§ PROBLEM STATEMENT:
Retype the opening lines of the data exactly, stopping after the line that contains "Запустив этот скрипт". Skip every picture.

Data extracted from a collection
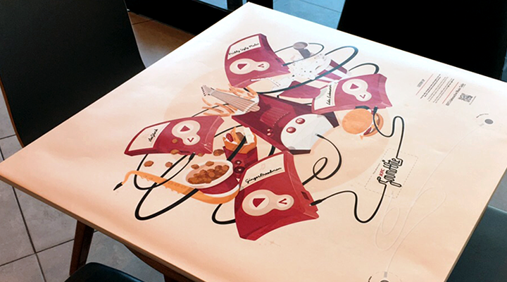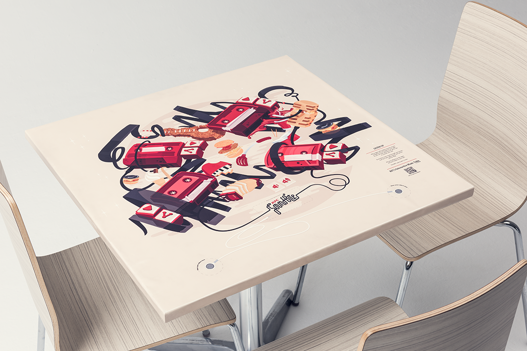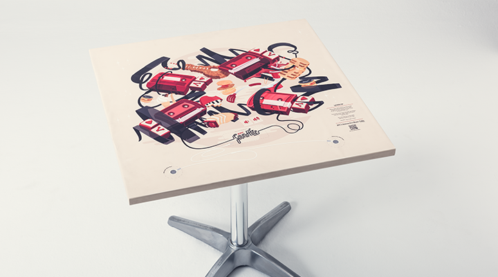 The tables boasted illustrations by local artists to create branded digital touch tables where customers could touch table graphics to play tracks, and initiate further distribution of their music through social sharing.
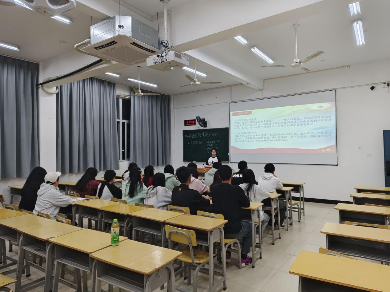 在此次活动中组织团员学习国防安全,学习内容主要有国防的重要性、青春与国防的关系、如何为国防贡献青春力量、国防事业中的青年榜样,广大青年都是国家安全的重要守护者,我们的每一份力量,都是国家安全的重要支撑。让我们以满腔的热情,投身国防,用我们的青春和热血,铸就国家的安全和繁荣。
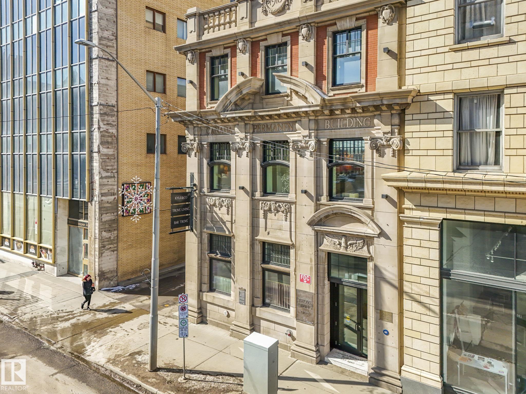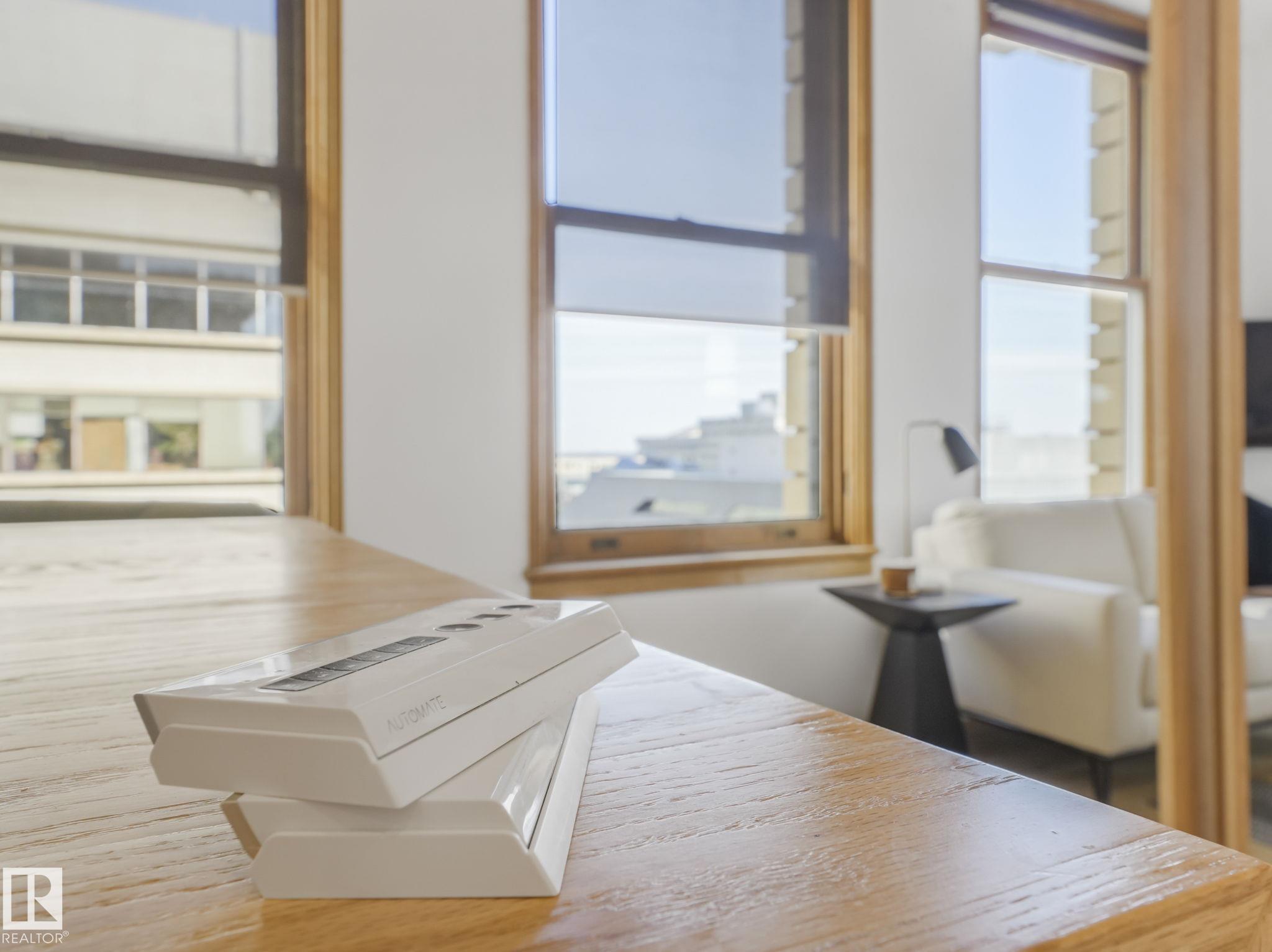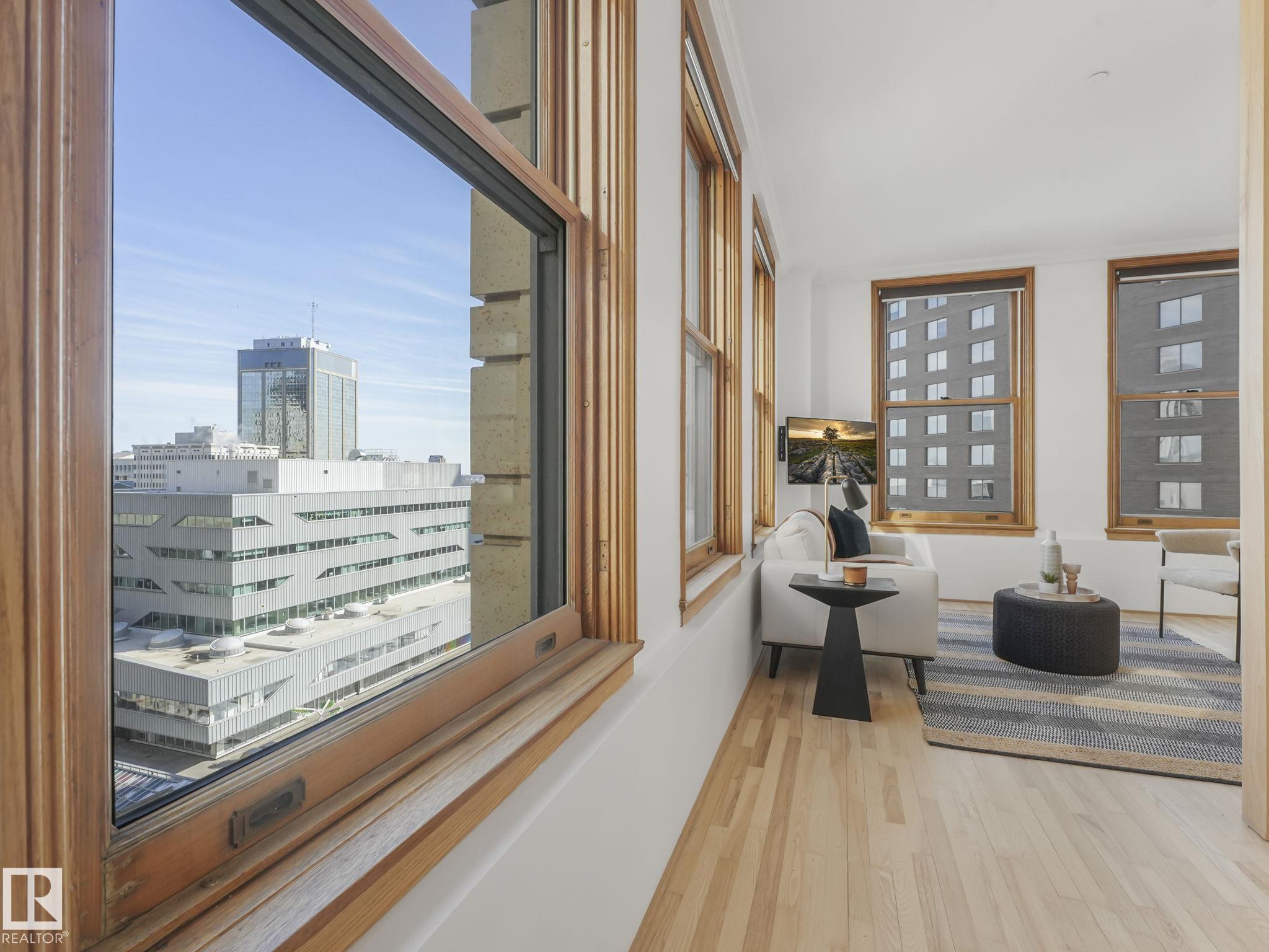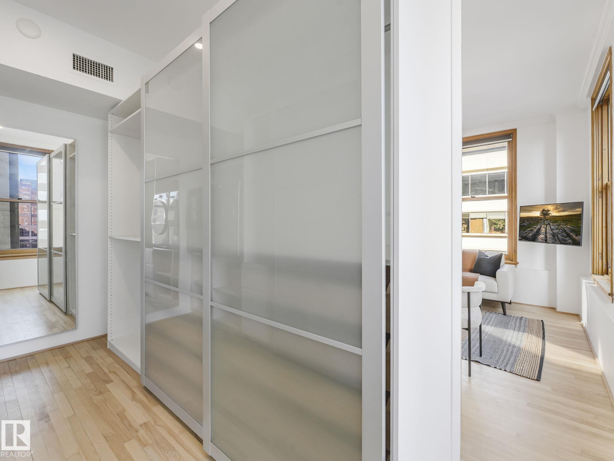 Gorgeous EXECUTIVE LOFT in The McLeod Building. 1915 CHARACTER with CONTEMPORARY VIBE in the CORE! This UNIQUE CORNER UNIT on the 8th FLOOR (sub-penthouse) features soaring 9.5 FT Ceilings, Hardwood Flooring & SEVEN 84"High Chicago-style windows that flood the space with natural light... all c/w MOTORIZED BLINDS! The CLEAN LINE KITCHEN features a new electric downdraft stove, an integrated fridge, low-profile microwave/hood fan & a commercial grade built-in Ice-maker. Island has casual seating and is ideal for both serving & entertaining while providing bonus storage space! THE BEAUTIFUL NEW CUSTOM MADE Murphy Bed/Wall system easily tucks up to give you a nice living area. Bathroom features a LARGE LUXURY STEAM SHOWER. Amazing WALK-IN CLOSET WARDROBE AREA WITH NEW IN-SUITE LAUNDRY! GREAT CITY VIEWS and STEPS FROM LRT, Great Restaurants, Art Gallery, Shopping, Rogers Place & River Valley trail system & more! All-Inclusive CONDO FEE INCLUDES ELECTRICAL, HEAT (GAS), WATER, SEWER, Res-Fund, Pro-Mgmt, Ext-Maint.
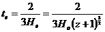 Possiamo inoltre calcolare il tempo di emissione in funzione di z. Infatti, sempre tenendo presente la 27)
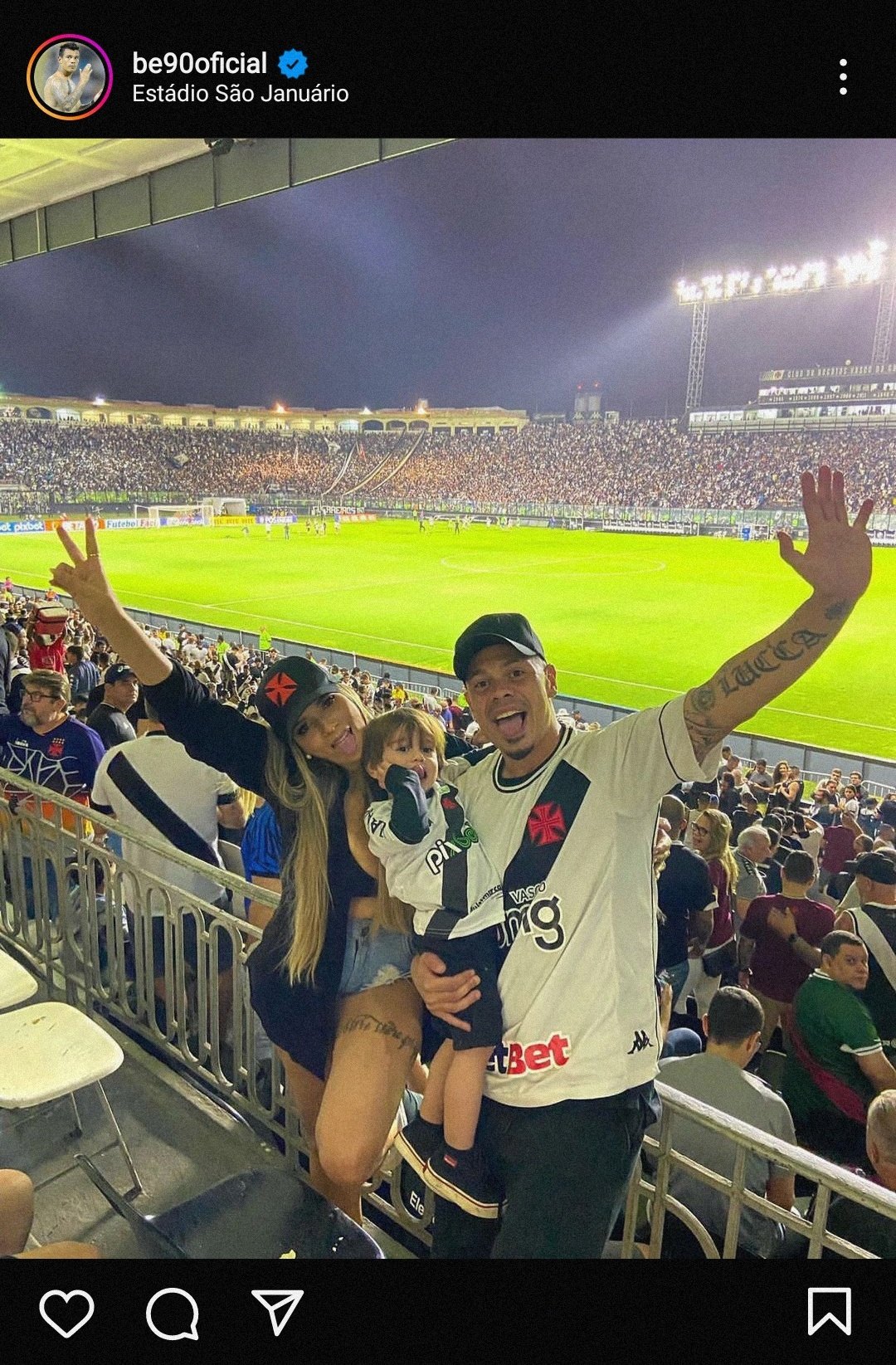 Bernardo, campeão da Copa do Brasil, em São Januário hoje com sua mulher e seu filho.
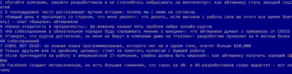 Запустив этот скрипт на исполнение, получим список заголовков:
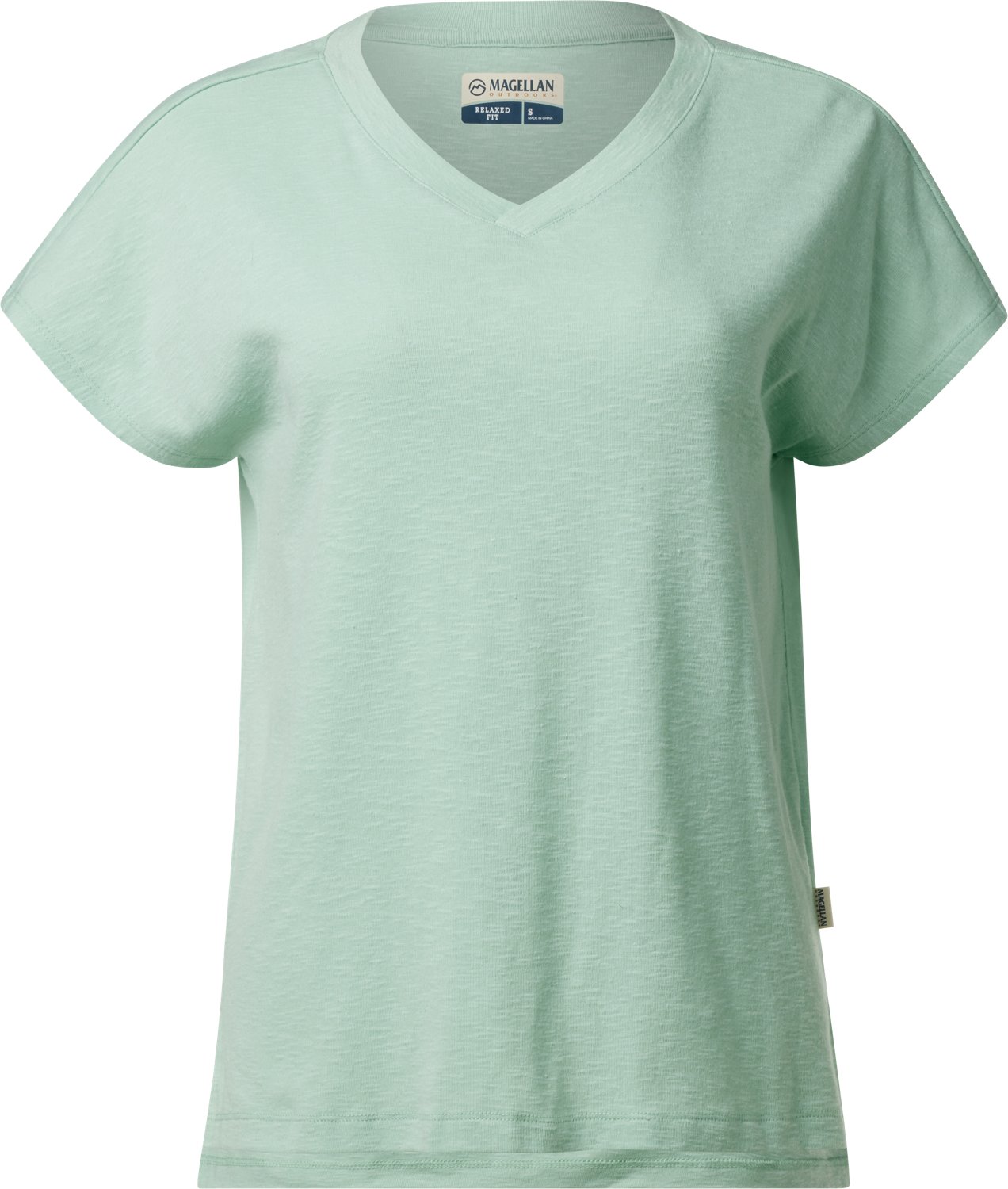 Head out for the day with the Magellan Outdoors Women's Pecos Ridge Solid V-neck T-shirt. The cotton blend provides a comfortable feel, while the solid design adds a stylish touch.

§ ANSWER BOX:
 The tables boasted illustrations by local artists to create branded digital touch tables where customers could touch table graphics to play tracks, and initiate further distribution of their music through social sharing.
 在此次活动中组织团员学习国防安全,学习内容主要有国防的重要性、青春与国防的关系、如何为国防贡献青春力量、国防事业中的青年榜样,广大青年都是国家安全的重要守护者,我们的每一份力量,都是国家安全的重要支撑。让我们以满腔的热情,投身国防,用我们的青春和热血,铸就国家的安全和繁荣。
 Gorgeous EXECUTIVE LOFT in The McLeod Building. 1915 CHARACTER with CONTEMPORARY VIBE in the CORE! This UNIQUE CORNER UNIT on the 8th FLOOR (sub-penthouse) features soaring 9.5 FT Ceilings, Hardwood Flooring & SEVEN 84"High Chicago-style windows that flood the space with natural light... all c/w MOTORIZED BLINDS! The CLEAN LINE KITCHEN features a new electric downdraft stove, an integrated fridge, low-profile microwave/hood fan & a commercial grade built-in Ice-maker. Island has casual seating and is ideal for both serving & entertaining while providing bonus storage space! THE BEAUTIFUL NEW CUSTOM MADE Murphy Bed/Wall system easily tucks up to give you a nice living area. Bathroom features a LARGE LUXURY STEAM SHOWER. Amazing WALK-IN CLOSET WARDROBE AREA WITH NEW IN-SUITE LAUNDRY! GREAT CITY VIEWS and STEPS FROM LRT, Great Restaurants, Art Gallery, Shopping, Rogers Place & River Valley trail system & more! All-Inclusive CONDO FEE INCLUDES ELECTRICAL, HEAT (GAS), WATER, SEWER, Res-Fund, Pro-Mgmt, Ext-Maint.
 Possiamo inoltre calcolare il tempo di emissione in funzione di z. Infatti, sempre tenendo presente la 27)
 Bernardo, campeão da Copa do Brasil, em São Januário hoje com sua mulher e seu filho.
 Запустив этот скрипт на исполнение, получим список заголовков:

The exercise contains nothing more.